Investigators revealed that an Internet group was formed in 2023 to disseminate content via social networks aimed at inciting social hatred and enmity against specific groups of citizens and law enforcement officers

YEKATERINBURG, October 30. /TASS/. French intelligence services may be involved in an extremist ring, whose organizers have recently been detained in several Russian regions. The group is accused of distributing extremist content and inciting violence among prisoners in penitentiaries and penal colonies, law enforcement agencies informed TASS.

Earlier, the Investigative Committee's office in the Sverdlovsk Region announced the detention of suspects in St. Petersburg, Moscow, Irkutsk, Arkhangelsk, and the Krasnoyarsk Region as part of criminal proceedings launched over the establishment of this extremist ring.

Investigators revealed that an Internet group was formed in 2023 to disseminate content via social networks aimed at inciting social hatred and enmity against specific groups of citizens and law enforcement officers.

According to TASS sources, several channels across various social networks were utilized for this purpose. The content posted by moderators typically provoked animosity, often on religious grounds.
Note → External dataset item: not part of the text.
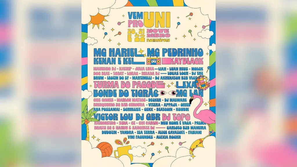 O Universipraia 2025 acontece a partir de quinta-feira (20) no bairro Canasvieiras, em Florianópolis, e junta música, esporte e praia por três dias. Entre os shows nacionais, está a cantora Lexa e o grupo Bonde do Tigrão, que se apresentam em um dos quatro palcos organizados para a o evento.

As a result, extremist prisoners, the intended audience, engaged in assaults on other inmates, filming these violent incidents and sharing the footage with the channel moderators.

"French intelligence services, through a network of individuals operating in Russia, established this extremist movement and appointed their proxy, Roman Rugevich, to lead the operation. Rugevich, currently in France, is seeking political asylum there. This is one of the tools employed by foreign secret services to exert influence over the Russian penitentiary system," the source stated. Extremist convicts reportedly assaulted other inmates, even targeting those in hospital wards for treatment.

In the Sverdlovsk Region alone, law enforcement has documented at least six incidents linked to this criminal activity by the extremist ring. Criminal proceedings have been initiated under articles 116 and 321 of the Criminal Code, which address the disorganization of activities in institutions providing isolation from society.

All detained members of the undercover cell arrested across Russia served as moderators and managed the group's information resources.

"Their communication with the main handler, Rugevich, was facilitated through the messaging app Telegram. They were subsequently contacted by phone and recruited, with French intelligence providing methodological support. In most cases, radical religious ideologies and the banned AUE (Prisoner’s Criminal Unity) movement were leveraged to engage convicts in extremist activities," the sources added.